Эта надежда пришла в виде неё – она бесшумно подкралась ко мне со спины и тронула за плечо. Она была примерно моего возраста, но очень, очень маленькая – казалось, она могла бы вся поместиться в моём кулаке. Роста мы с ней были одинакового, так что я плохо понимаю, почему она всегда казалась мне такой маленькой – возможно, из-за её чудовищной худобы – ключицы у неё торчали, как у Анны Ахматовой. Или ещё от чего – считается, что тот, к кому мы испытываем особенное расположение или кого мы жалеем, кажется нам маленьким. И она была вся прозрачная и зыбкая, как мираж. Я подумала, что она бродила по этой пустыне очень давно, скорее всего, всю вечность напролёт, и искала… Когда я обернулась, улыбка тронула её бескровные губы. Мне показалось, что на них тоненьким слоем осел иней, и когда она улыбнулась, он слегка растрескался.

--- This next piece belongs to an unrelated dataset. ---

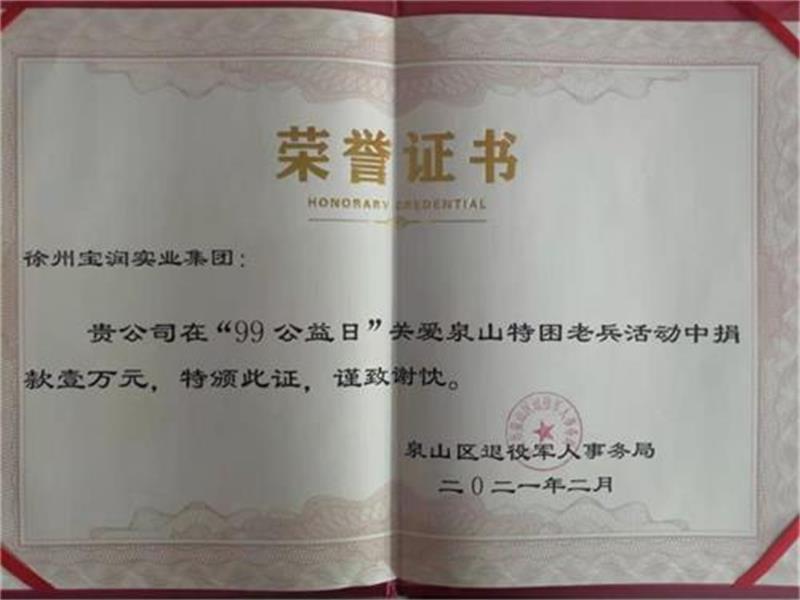 徐州寶潤實業集團積極圍繞市委、市政府中心工作,踐行社會主義核心價值觀,營造“人人參與、人人慈善”的良好生態環境,響應2020徐州市“99公益日”主題為“攜手慈善愛滿彭城”的活動號召,于“99公益日”當天的“關愛泉山特困老兵”活動中捐款一萬元整。

Принцесса – так её звали. Конечно, это было не совсем имя, просто она так назвалась, и при этом её глубокие глаза весело блеснули на прозрачном личике. Эти глаза казались двумя маленькими водоёмами посреди царства песка – они были влажные и чёрные, с каким-то синеватым отливом – у настоящих людей таких глаз не бывает. А она… конечно, она была не настоящим человеком – несмотря на всё я ещё умею отличать сон от яви. Она была ненастоящим человеком, и тем не менее она являлась существом, живущим по своим законам… я имею в виду то, что чтобы называться существом, следует существовать по неким законам – и если в нашем мире это «законы Жизни», то это вовсе не значит, что в других мирах действуют тоже «законы Жизни». Это могут быть совсем иные законы, скажем так – просто законы некоего существования.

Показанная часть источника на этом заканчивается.